Available data
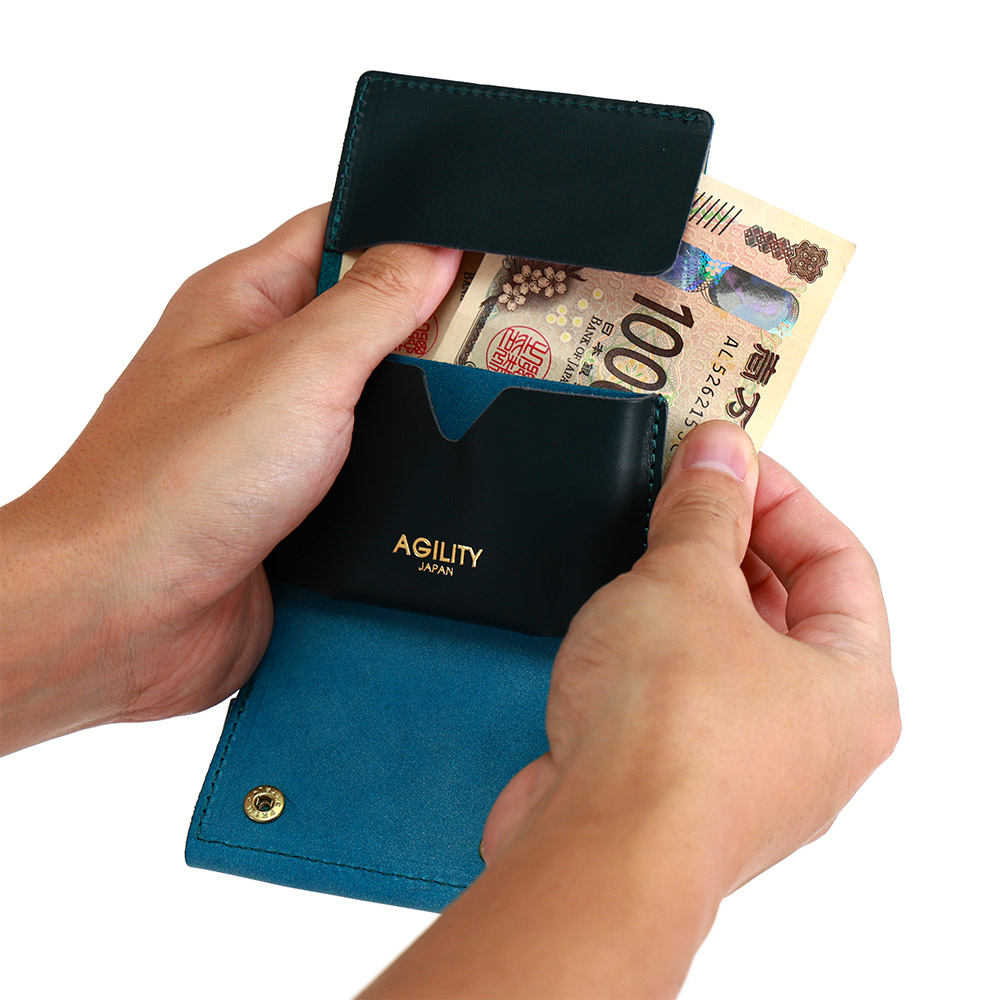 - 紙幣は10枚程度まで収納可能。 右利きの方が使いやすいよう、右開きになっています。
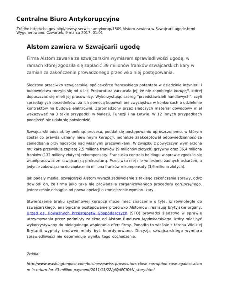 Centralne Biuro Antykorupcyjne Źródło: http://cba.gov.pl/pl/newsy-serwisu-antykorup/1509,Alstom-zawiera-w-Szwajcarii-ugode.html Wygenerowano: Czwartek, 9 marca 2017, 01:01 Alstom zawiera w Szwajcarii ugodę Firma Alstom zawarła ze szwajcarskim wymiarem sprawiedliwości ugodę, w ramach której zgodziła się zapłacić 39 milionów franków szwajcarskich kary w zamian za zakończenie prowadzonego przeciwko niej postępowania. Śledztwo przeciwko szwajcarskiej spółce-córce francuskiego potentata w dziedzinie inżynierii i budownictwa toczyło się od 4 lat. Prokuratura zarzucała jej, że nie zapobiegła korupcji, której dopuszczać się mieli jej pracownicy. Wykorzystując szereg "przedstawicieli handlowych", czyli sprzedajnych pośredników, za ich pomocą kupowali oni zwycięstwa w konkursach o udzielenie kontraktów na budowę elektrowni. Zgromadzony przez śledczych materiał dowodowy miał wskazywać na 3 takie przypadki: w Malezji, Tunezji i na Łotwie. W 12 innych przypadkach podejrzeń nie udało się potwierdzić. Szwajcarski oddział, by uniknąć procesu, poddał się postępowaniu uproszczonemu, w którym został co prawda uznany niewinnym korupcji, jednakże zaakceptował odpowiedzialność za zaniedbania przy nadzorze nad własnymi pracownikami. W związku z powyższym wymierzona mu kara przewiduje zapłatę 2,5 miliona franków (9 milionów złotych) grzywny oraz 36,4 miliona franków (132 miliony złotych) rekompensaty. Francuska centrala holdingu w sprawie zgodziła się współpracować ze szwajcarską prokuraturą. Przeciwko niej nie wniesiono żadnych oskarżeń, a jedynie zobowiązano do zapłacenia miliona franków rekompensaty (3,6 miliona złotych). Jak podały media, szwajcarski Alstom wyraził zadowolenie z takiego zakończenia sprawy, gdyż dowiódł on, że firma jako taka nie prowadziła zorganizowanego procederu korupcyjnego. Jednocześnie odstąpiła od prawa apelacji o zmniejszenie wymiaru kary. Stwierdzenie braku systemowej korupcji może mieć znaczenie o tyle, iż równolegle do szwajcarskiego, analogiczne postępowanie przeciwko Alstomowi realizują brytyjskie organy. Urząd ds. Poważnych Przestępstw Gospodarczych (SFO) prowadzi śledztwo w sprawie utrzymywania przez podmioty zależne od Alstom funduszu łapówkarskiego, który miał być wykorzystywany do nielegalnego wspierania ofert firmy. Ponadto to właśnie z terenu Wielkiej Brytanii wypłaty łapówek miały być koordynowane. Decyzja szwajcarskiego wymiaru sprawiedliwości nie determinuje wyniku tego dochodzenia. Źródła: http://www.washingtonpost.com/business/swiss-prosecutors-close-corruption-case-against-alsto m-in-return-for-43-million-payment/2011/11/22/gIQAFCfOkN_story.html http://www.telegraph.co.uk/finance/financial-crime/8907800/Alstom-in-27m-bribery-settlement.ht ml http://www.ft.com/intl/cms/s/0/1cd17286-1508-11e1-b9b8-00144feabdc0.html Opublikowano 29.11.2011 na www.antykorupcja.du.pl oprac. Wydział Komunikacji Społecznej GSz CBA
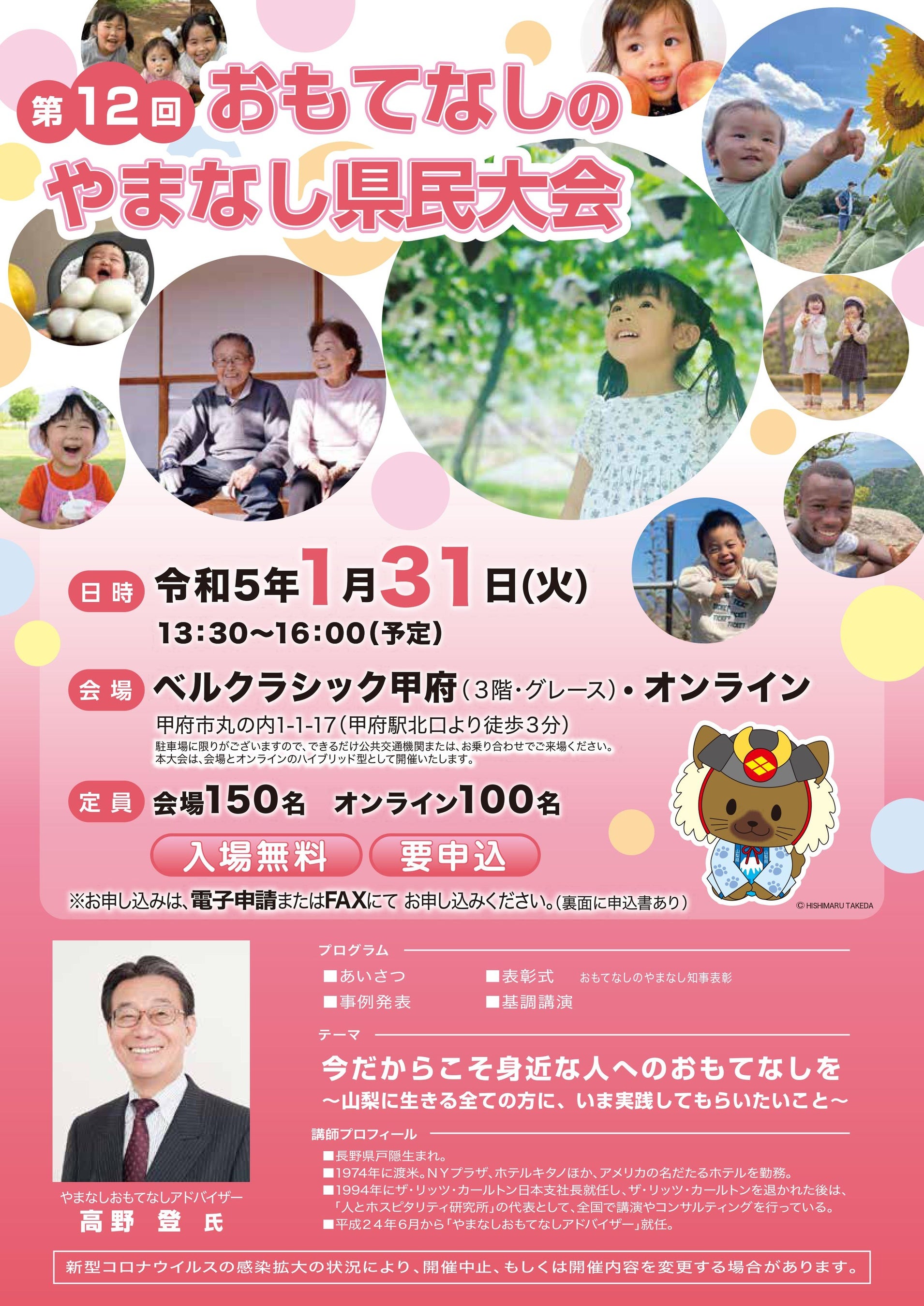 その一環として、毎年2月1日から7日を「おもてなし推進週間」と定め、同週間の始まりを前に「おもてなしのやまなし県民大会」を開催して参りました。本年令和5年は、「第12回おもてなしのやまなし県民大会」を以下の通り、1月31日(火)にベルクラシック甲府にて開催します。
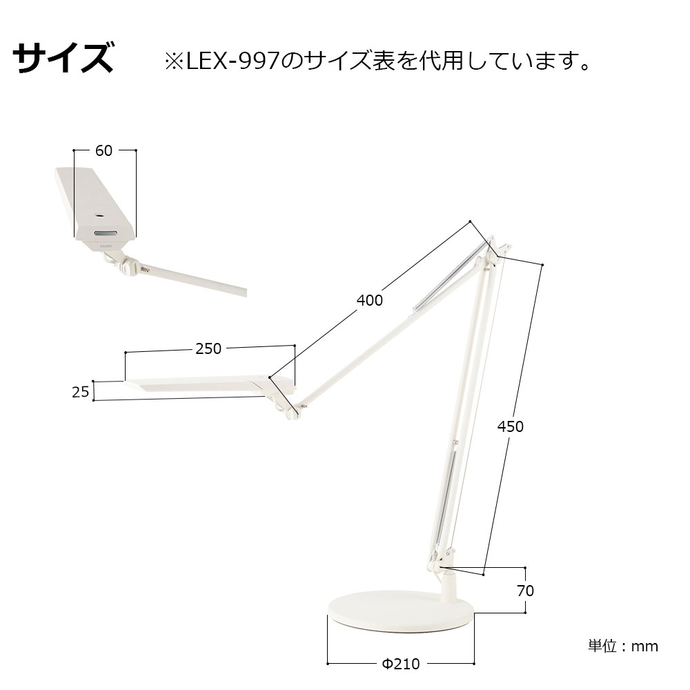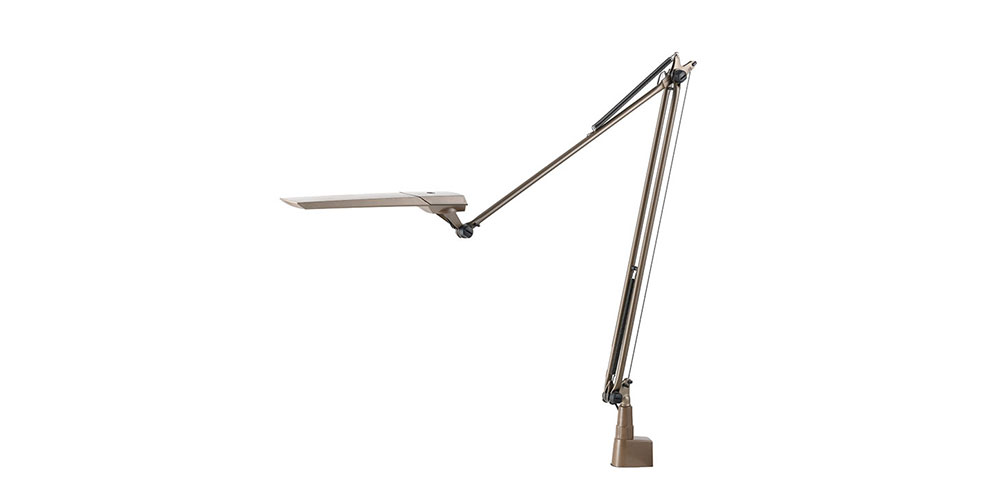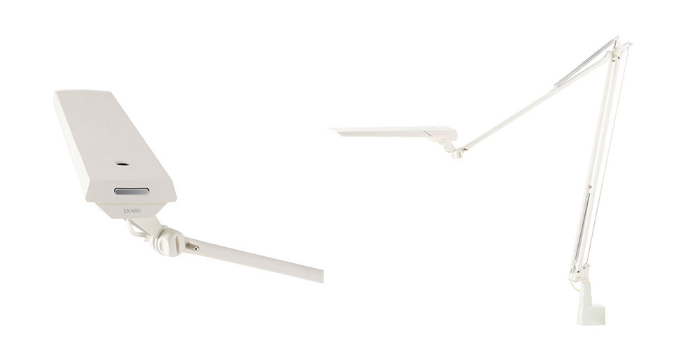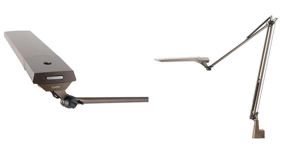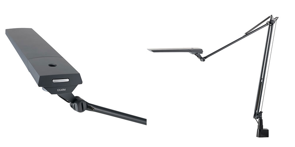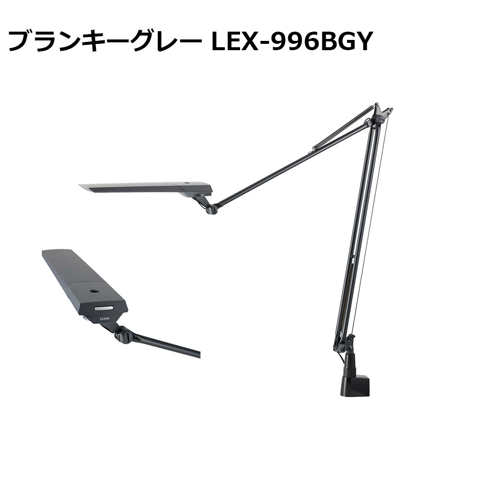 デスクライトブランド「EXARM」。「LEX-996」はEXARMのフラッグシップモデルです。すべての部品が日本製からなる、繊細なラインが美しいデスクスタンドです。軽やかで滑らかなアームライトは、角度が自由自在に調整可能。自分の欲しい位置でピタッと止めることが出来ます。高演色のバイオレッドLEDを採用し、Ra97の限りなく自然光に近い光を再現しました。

What you need to do
What is needed is a verbatim copy of the lines from the line with "その一環として、毎年2月1日" through the last line of the listing, pictures excluded.

Exercise answer
 その一環として、毎年2月1日から7日を「おもてなし推進週間」と定め、同週間の始まりを前に「おもてなしのやまなし県民大会」を開催して参りました。本年令和5年は、「第12回おもてなしのやまなし県民大会」を以下の通り、1月31日(火)にベルクラシック甲府にて開催します。
 デスクライトブランド「EXARM」。「LEX-996」はEXARMのフラッグシップモデルです。すべての部品が日本製からなる、繊細なラインが美しいデスクスタンドです。軽やかで滑らかなアームライトは、角度が自由自在に調整可能。自分の欲しい位置でピタッと止めることが出来ます。高演色のバイオレッドLEDを採用し、Ra97の限りなく自然光に近い光を再現しました。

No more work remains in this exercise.